### YOUR GOAL
Below are the entries. Print only the lines starting at the one with "Bright, airy two" and ending at the one with "b. Center of", exactly, with no pictures.

### RECORDS SUPPLIED
━━━━━━
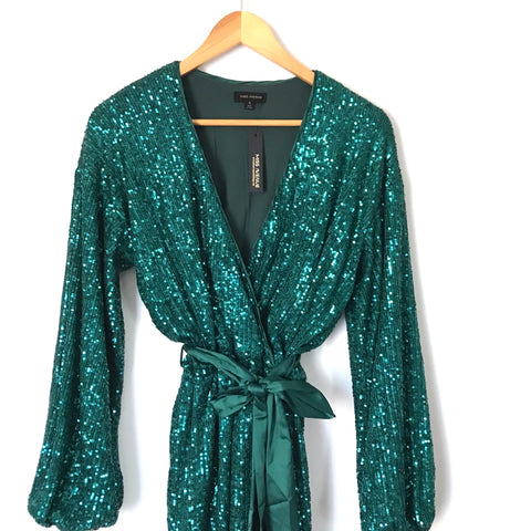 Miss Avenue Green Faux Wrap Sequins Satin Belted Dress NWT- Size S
━━━━━━
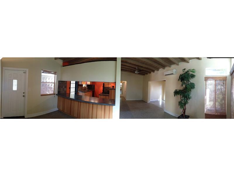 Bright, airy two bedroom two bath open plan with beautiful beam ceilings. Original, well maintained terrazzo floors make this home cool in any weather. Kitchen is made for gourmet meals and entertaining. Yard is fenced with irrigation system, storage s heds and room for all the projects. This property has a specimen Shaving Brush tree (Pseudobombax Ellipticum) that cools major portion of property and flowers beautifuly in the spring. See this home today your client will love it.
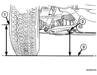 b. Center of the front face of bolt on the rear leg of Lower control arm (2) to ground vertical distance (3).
━━━━━━
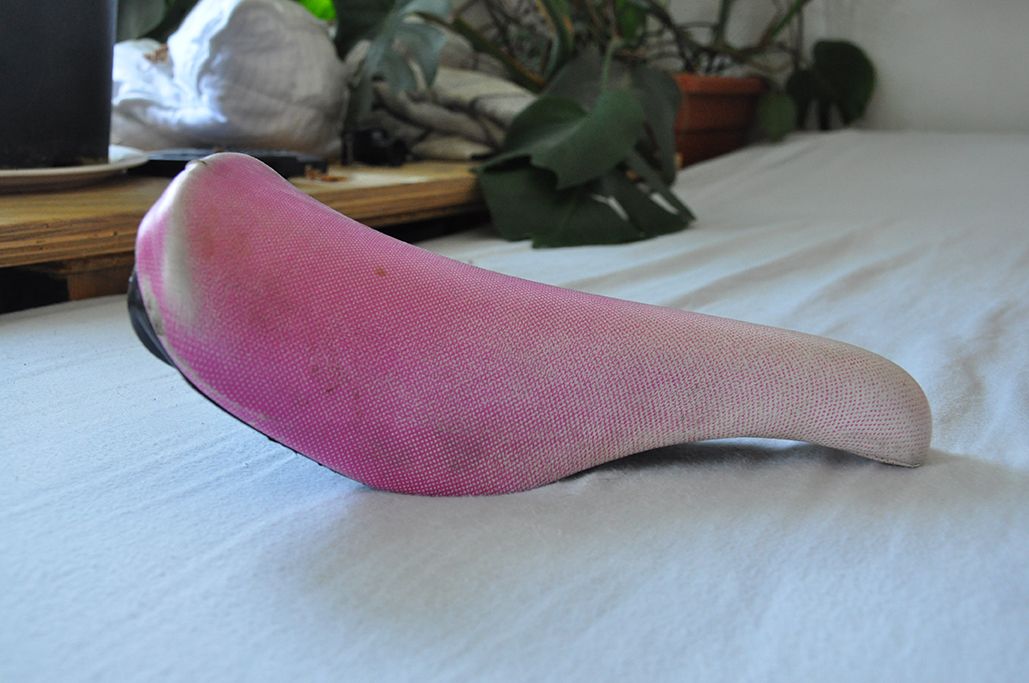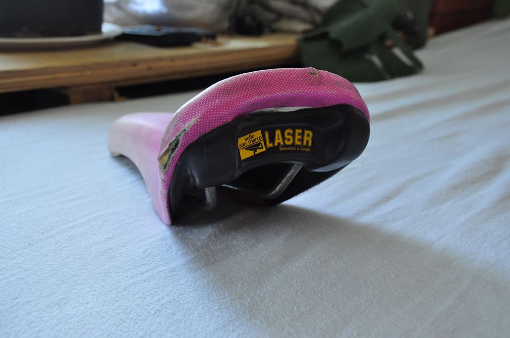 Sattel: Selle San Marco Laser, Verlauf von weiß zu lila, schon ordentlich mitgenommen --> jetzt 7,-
━━━━━━
### RESPONSE TO THIS EXERCISE
 Bright, airy two bedroom two bath open plan with beautiful beam ceilings. Original, well maintained terrazzo floors make this home cool in any weather. Kitchen is made for gourmet meals and entertaining. Yard is fenced with irrigation system, storage s heds and room for all the projects. This property has a specimen Shaving Brush tree (Pseudobombax Ellipticum) that cools major portion of property and flowers beautifuly in the spring. See this home today your client will love it.
 b. Center of the front face of bolt on the rear leg of Lower control arm (2) to ground vertical distance (3).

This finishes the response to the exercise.